Stored entries:
────────

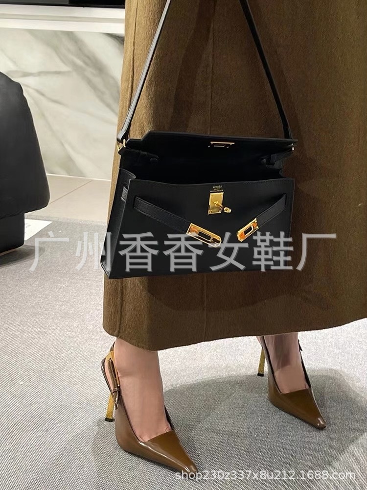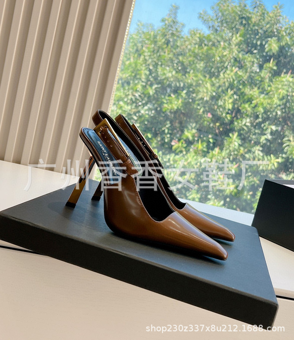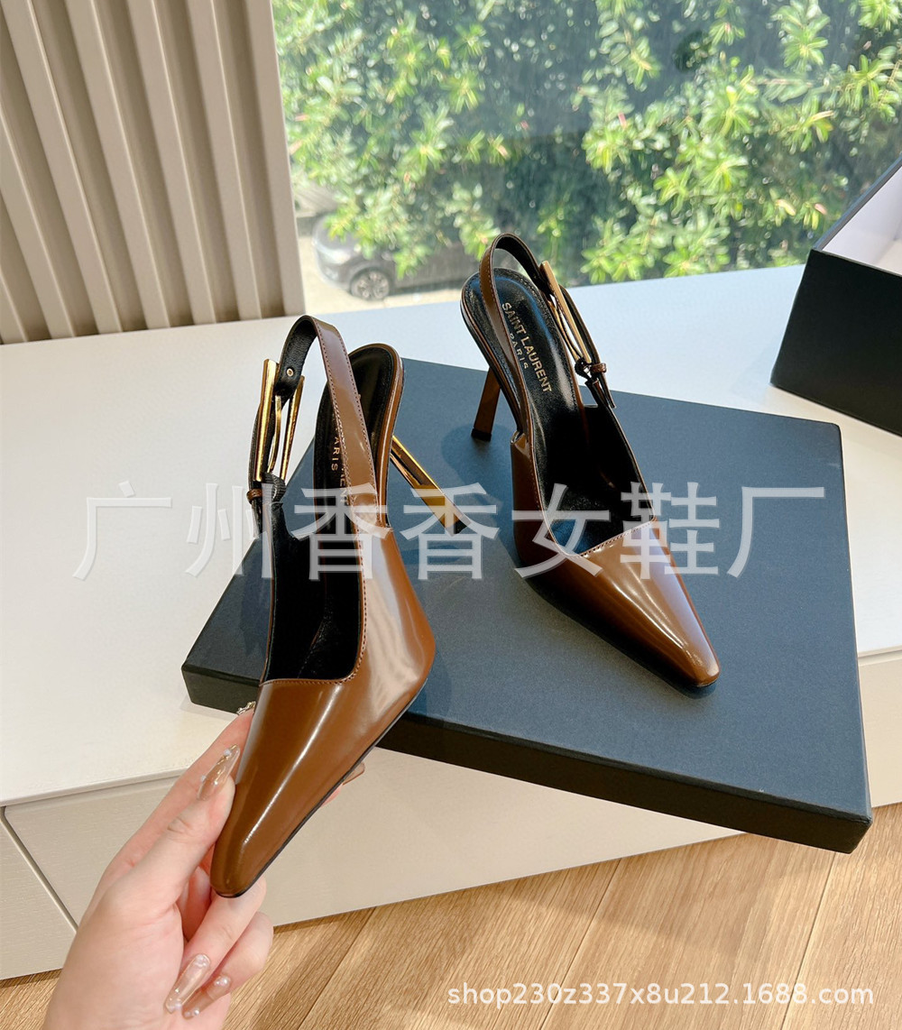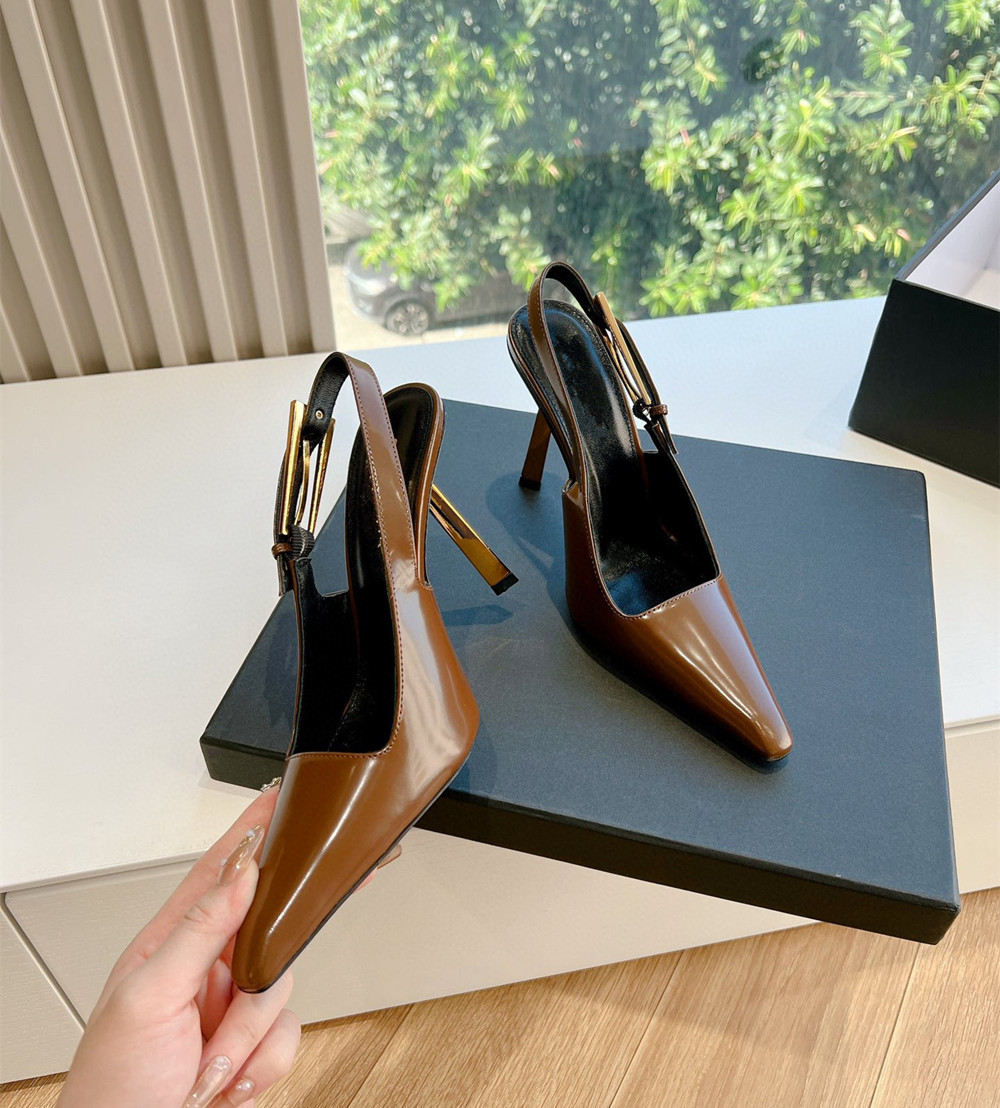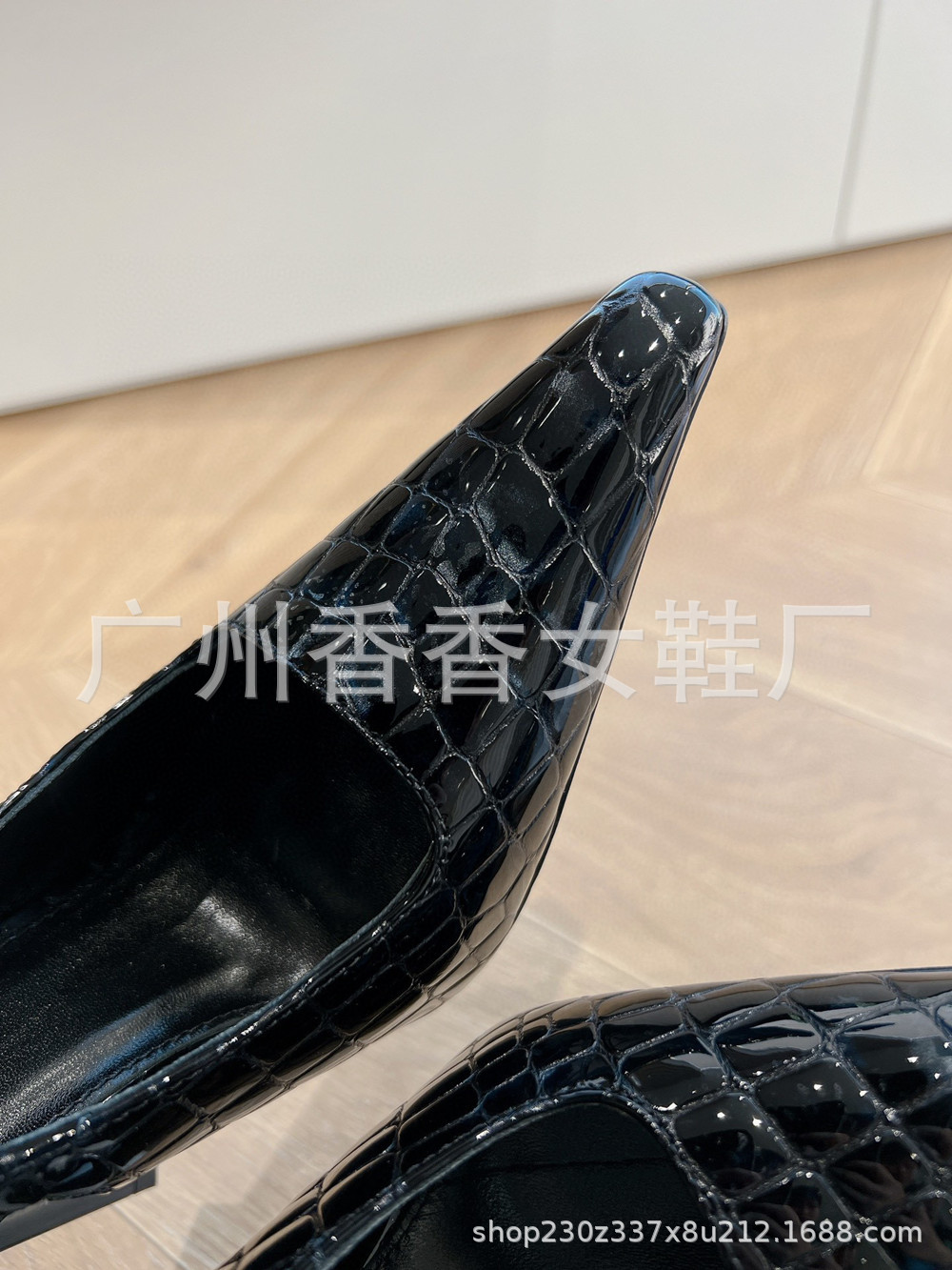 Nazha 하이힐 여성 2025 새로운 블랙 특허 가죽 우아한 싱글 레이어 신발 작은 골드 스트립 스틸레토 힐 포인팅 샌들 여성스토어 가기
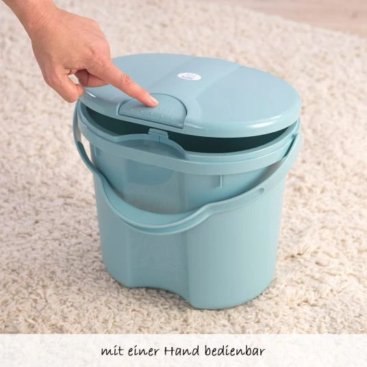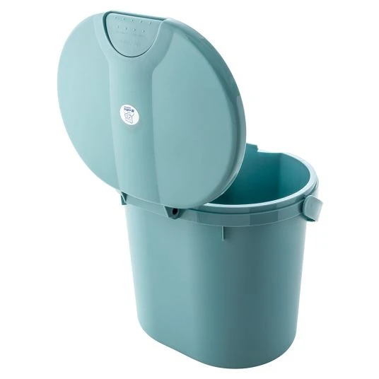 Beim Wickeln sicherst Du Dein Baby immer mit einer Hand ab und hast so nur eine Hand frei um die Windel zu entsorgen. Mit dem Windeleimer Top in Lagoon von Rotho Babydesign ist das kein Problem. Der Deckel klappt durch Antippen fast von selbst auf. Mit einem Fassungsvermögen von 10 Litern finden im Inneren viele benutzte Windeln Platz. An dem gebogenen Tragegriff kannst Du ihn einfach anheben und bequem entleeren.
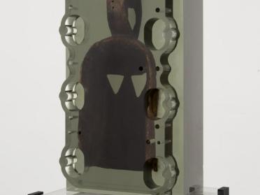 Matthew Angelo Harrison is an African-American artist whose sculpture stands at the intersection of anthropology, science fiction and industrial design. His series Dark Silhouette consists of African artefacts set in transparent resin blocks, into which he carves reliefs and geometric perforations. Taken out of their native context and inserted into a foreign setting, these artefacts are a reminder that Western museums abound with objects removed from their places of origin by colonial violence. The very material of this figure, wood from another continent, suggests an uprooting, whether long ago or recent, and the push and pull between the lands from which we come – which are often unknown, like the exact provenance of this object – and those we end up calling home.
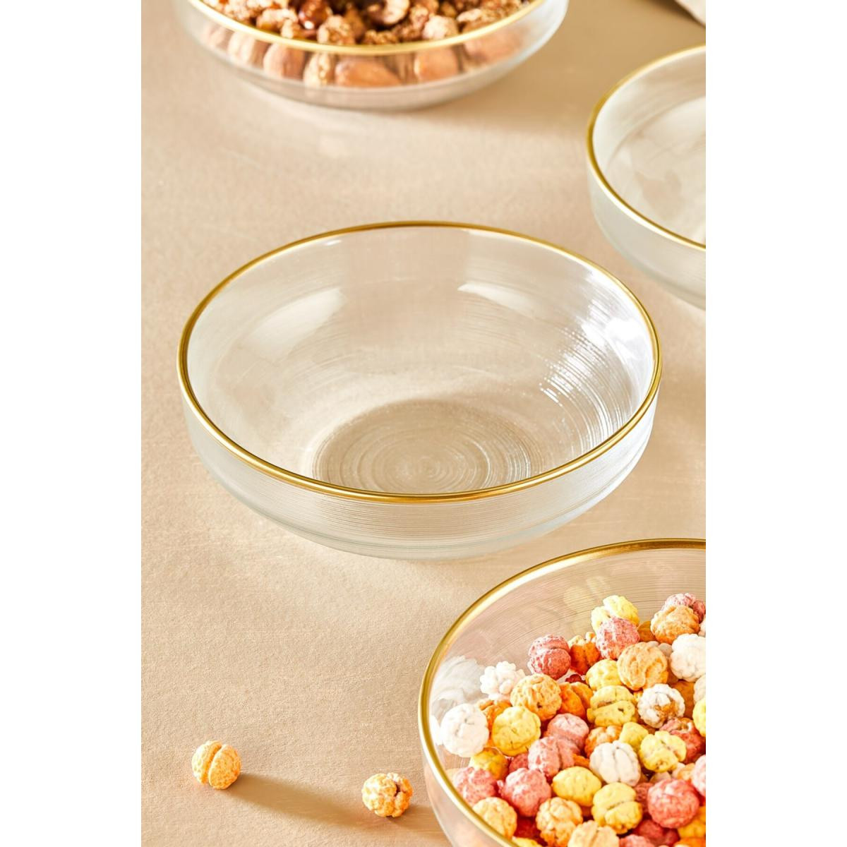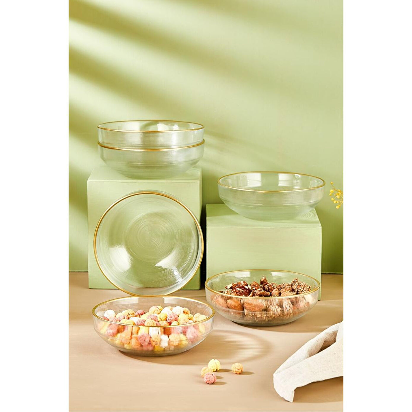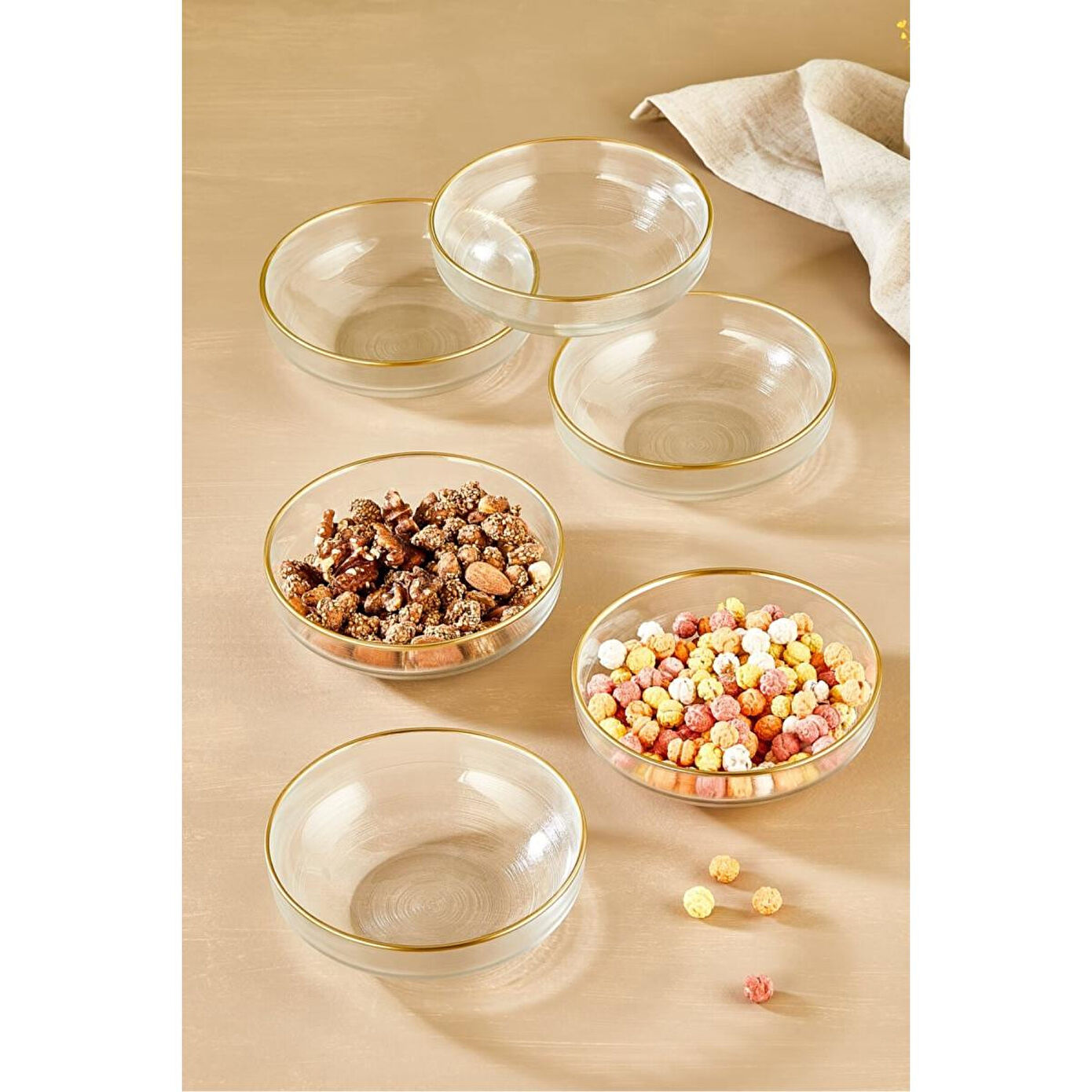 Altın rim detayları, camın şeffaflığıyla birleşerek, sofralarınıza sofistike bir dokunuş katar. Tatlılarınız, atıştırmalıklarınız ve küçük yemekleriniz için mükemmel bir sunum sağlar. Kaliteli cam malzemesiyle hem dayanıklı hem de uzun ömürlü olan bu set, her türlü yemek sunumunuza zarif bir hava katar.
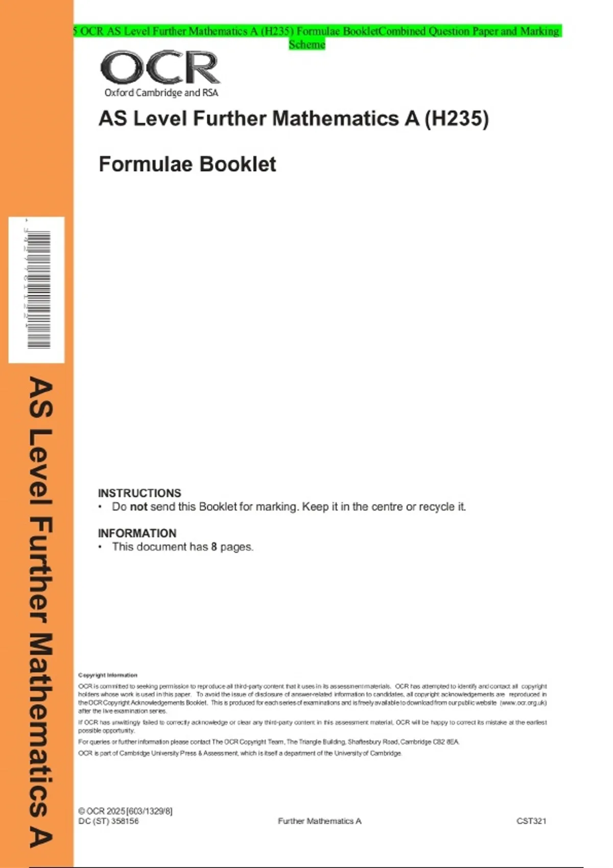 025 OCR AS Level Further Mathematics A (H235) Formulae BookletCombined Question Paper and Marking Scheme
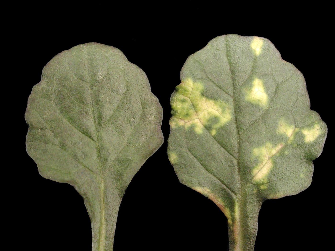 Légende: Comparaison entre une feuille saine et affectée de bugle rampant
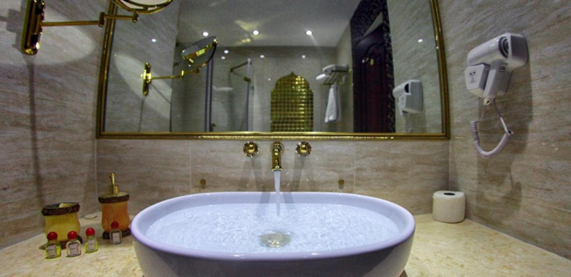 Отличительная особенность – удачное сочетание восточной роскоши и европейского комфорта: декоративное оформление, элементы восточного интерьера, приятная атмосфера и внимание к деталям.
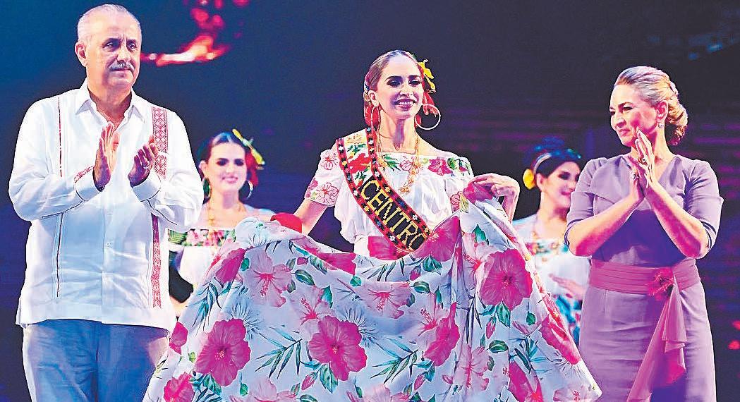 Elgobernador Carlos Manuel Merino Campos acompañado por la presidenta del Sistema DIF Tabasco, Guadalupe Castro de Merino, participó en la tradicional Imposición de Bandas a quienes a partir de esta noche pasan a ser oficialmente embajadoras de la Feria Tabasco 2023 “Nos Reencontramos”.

────────

* What is needed *
What is needed is an exact copy of the lines from the start of the records through the line containing "Beim Wickeln sicherst", with no pictures.

* Solution to this exercise *
 Nazha 하이힐 여성 2025 새로운 블랙 특허 가죽 우아한 싱글 레이어 신발 작은 골드 스트립 스틸레토 힐 포인팅 샌들 여성스토어 가기
 Beim Wickeln sicherst Du Dein Baby immer mit einer Hand ab und hast so nur eine Hand frei um die Windel zu entsorgen. Mit dem Windeleimer Top in Lagoon von Rotho Babydesign ist das kein Problem. Der Deckel klappt durch Antippen fast von selbst auf. Mit einem Fassungsvermögen von 10 Litern finden im Inneren viele benutzte Windeln Platz. An dem gebogenen Tragegriff kannst Du ihn einfach anheben und bequem entleeren.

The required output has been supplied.